▶ _THE INPUT_
= = = =

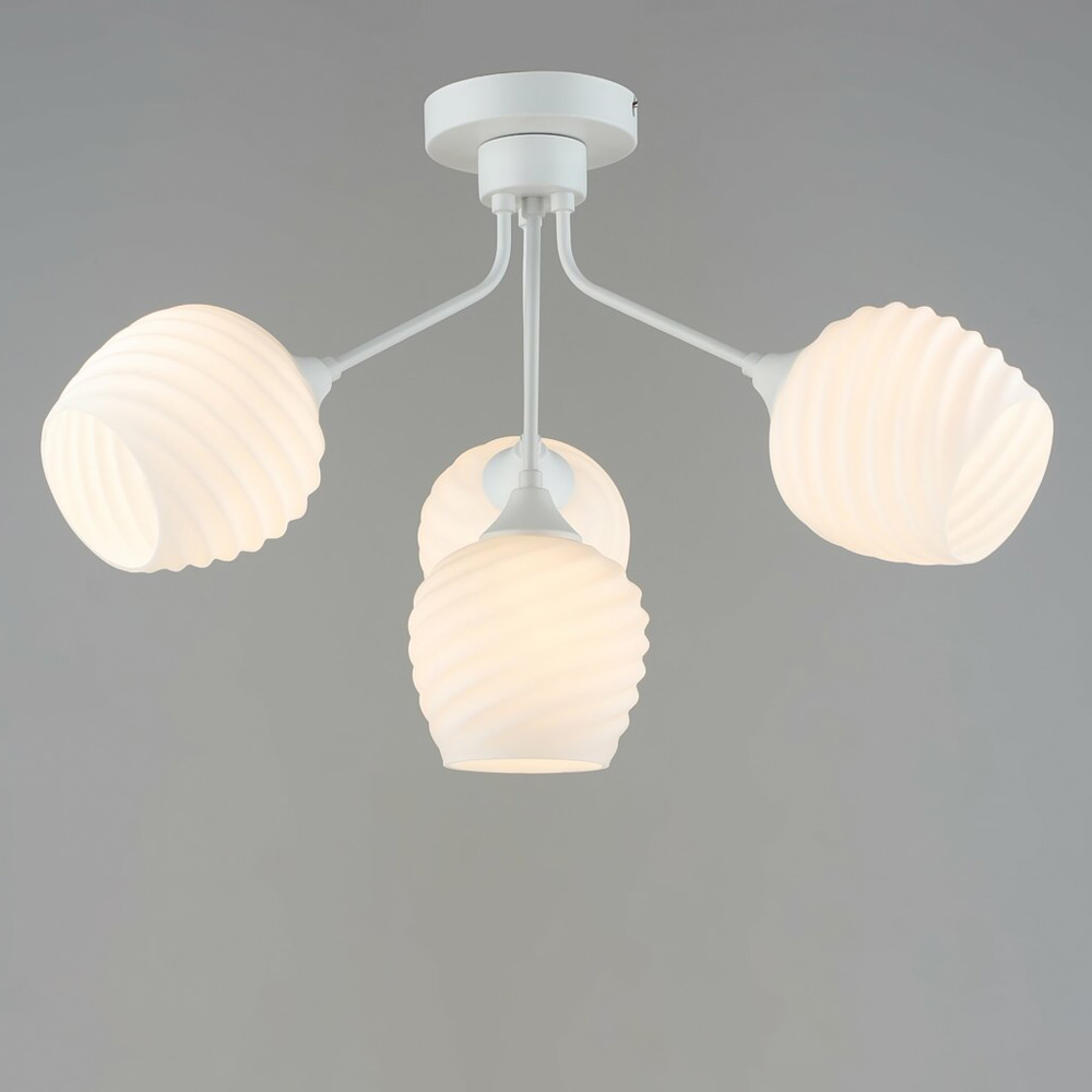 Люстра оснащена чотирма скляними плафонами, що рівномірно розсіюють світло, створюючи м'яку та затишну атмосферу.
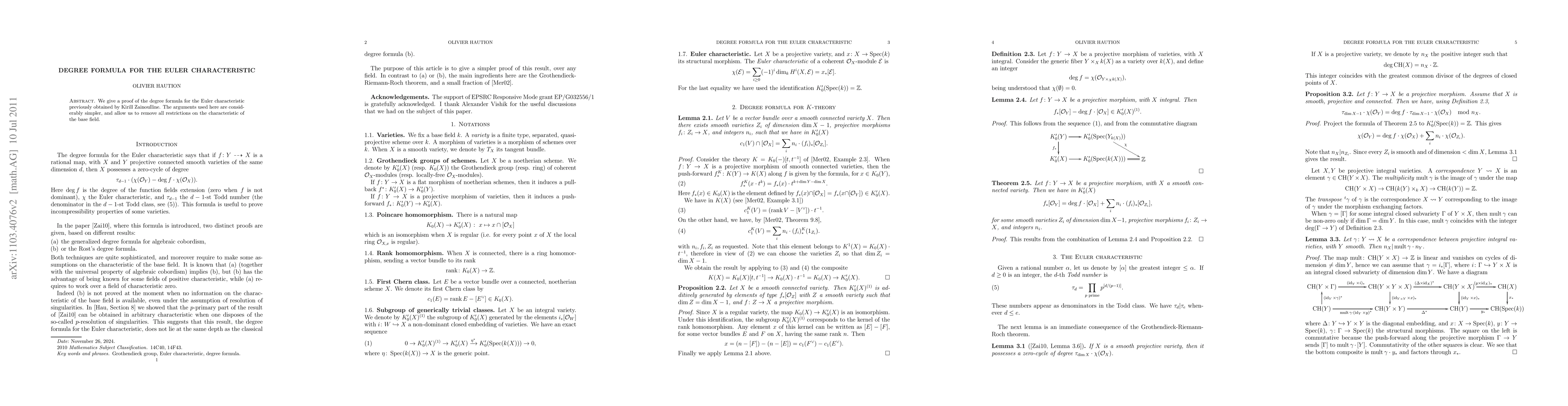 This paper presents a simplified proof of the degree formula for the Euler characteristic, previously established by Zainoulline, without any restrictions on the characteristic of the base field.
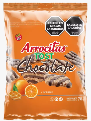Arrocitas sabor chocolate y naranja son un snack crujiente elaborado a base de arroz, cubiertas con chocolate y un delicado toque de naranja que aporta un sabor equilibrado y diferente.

= = = =

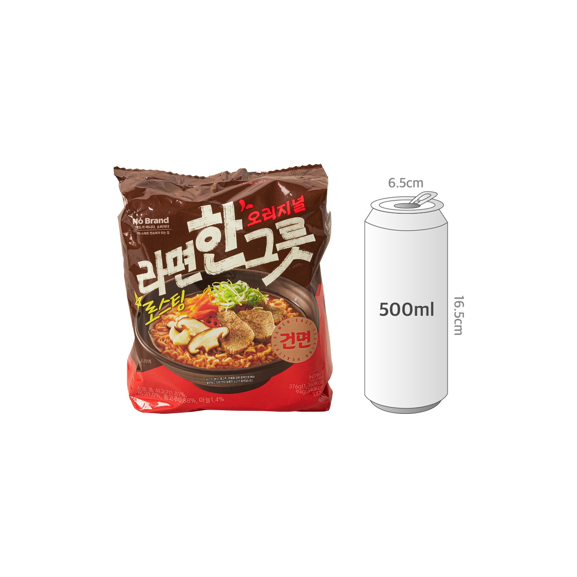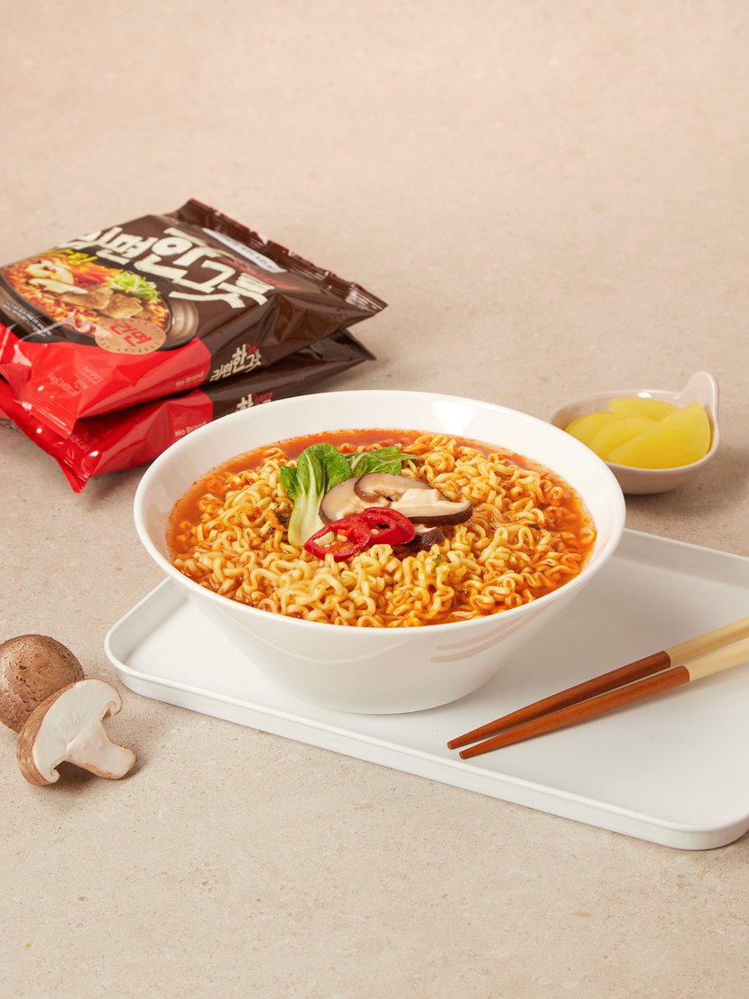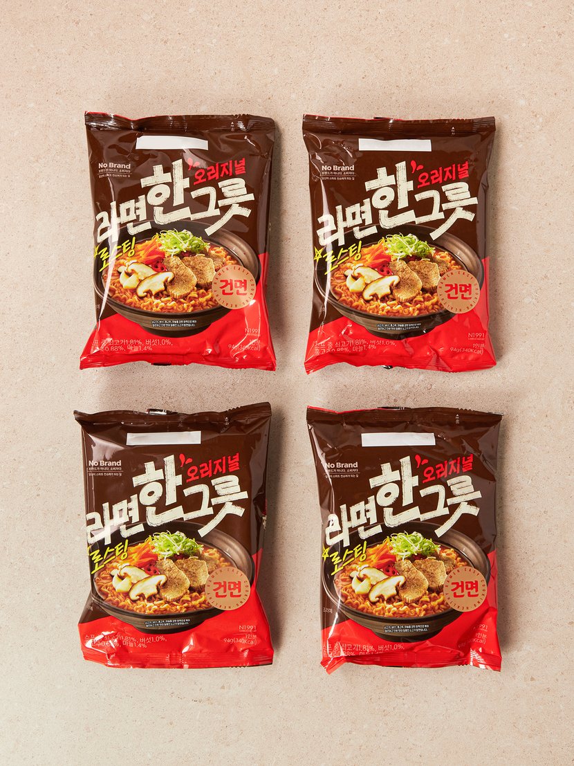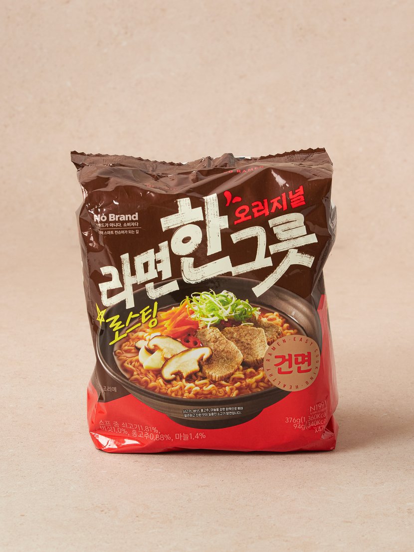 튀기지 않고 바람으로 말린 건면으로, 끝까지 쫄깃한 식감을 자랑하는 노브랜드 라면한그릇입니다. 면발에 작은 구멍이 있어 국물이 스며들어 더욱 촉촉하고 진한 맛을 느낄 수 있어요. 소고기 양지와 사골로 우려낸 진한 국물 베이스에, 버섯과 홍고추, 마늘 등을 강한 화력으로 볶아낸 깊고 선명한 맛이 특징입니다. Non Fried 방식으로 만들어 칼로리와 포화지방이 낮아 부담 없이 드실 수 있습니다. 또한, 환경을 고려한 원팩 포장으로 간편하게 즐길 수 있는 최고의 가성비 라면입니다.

= = = =

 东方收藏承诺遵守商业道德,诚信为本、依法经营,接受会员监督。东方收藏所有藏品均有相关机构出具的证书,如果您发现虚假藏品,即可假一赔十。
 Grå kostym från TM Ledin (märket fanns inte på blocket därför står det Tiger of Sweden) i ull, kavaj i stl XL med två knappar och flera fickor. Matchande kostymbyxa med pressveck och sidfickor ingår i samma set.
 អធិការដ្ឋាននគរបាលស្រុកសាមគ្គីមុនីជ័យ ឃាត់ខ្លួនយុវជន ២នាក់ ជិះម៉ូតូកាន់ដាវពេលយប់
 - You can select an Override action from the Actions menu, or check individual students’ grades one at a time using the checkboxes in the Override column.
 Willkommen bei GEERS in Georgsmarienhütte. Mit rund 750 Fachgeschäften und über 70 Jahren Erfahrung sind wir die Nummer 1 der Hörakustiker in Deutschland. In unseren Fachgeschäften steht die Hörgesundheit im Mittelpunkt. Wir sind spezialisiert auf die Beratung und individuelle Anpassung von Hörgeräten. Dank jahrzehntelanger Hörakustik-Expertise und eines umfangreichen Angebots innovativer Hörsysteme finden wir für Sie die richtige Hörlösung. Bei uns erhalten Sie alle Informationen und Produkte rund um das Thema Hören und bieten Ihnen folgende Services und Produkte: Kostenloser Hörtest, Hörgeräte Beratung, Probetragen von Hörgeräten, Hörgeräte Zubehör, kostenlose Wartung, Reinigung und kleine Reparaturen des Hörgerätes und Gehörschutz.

= = = =

▶ _WHAT IS EXPECTED_
Once you find the line with "东方收藏承诺遵守商业道德,诚" above, print it and every line after it up to and including the line with "Grå kostym från", exactly as written and nothing else.

▶ _SOLUTION FOR THIS TASK_
 东方收藏承诺遵守商业道德,诚信为本、依法经营,接受会员监督。东方收藏所有藏品均有相关机构出具的证书,如果您发现虚假藏品,即可假一赔十。
 Grå kostym från TM Ledin (märket fanns inte på blocket därför står det Tiger of Sweden) i ull, kavaj i stl XL med två knappar och flera fickor. Matchande kostymbyxa med pressveck och sidfickor ingår i samma set.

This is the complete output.